Writing as persuasion, from the inside out
The mechanism likely involves a well-documented psychological principle: expressing a viewpoint, even one you do not fully hold, tends to move your beliefs in that direction. Decades of psychology research have shown that writing or arguing for a position increases your agreement with it, a phenomenon related to cognitive dissonance and self-persuasion.
AI autocomplete suggestions take advantage of this process covertly. By nudging the text toward a particular position through offered completions that the writer actively accepts and incorporates, the tool makes the writer an unwitting participant in their own persuasion. The words feel like they came from you, because in a sense they did. You chose to accept the suggestion. That sense of agency makes the influence harder to recognize and harder to resist.
This distinguishes AI writing influence from traditional misinformation, where the information comes from an external source and the person is a passive recipient. Here, the person is actively producing the biased content, which makes the attitude shift both deeper and more resistant to correction.

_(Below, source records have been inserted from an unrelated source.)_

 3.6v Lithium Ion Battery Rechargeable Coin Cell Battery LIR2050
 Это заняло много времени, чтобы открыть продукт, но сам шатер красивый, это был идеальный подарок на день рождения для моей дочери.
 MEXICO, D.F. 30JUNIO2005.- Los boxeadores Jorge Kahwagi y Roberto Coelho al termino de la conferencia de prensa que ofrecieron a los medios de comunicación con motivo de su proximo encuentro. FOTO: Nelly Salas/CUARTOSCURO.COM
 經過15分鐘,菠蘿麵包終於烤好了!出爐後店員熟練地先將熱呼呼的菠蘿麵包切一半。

From theoretical to practical concern
Senior author Mor Naaman, professor of information science at Cornell, noted that the landscape has changed significantly since the research began. Autocomplete is now pervasive: Gmail suggests entire emails, productivity tools offer paragraph-length completions, and large language models power writing assistants across platforms. Three years ago, the question was why an AI would be purposefully biased. That question, Naaman observed, now has obvious answers: companies, governments, and other actors have clear incentives to shape the information environment, and AI writing tools offer a subtle channel for doing so.

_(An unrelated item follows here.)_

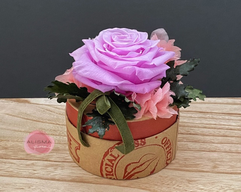 Regala una rosa preservada Color Lavanda decorada con Hortensia

What the study cannot determine
The experiments used a purpose-built biased AI, not a commercial product. Whether the biases present in real-world writing tools, which arise from training data and fine-tuning rather than deliberate engineering, produce comparable attitude shifts is an open question. The degree of bias in the experimental system may be stronger or weaker than what users encounter in practice.
The attitude shifts were measured immediately after the writing exercise. The study does not report whether the changes persist over days, weeks, or months. Attitude change that fades quickly would be less concerning than durable shifts that accumulate with repeated AI-assisted writing.
The experiments involved single writing sessions on individual topics. Real-world AI writing assistance involves repeated interactions across many topics over extended periods. The cumulative effect of daily exposure to subtly biased suggestions could be substantially larger than what a single experimental session captures, or it could be smaller if users develop awareness over time.
The sample was drawn from online participant pools, which may not represent the broader population of AI writing tool users. Participants may also have been more or less susceptible to influence than typical users because of the experimental context.
But the core finding stands on solid ground: AI writing suggestions can shift attitudes, the shift crosses political lines, and the standard defenses against persuasive influence do not block it. As autocomplete becomes the default mode of writing for hundreds of millions of people, that finding has implications that extend well beyond a laboratory setting.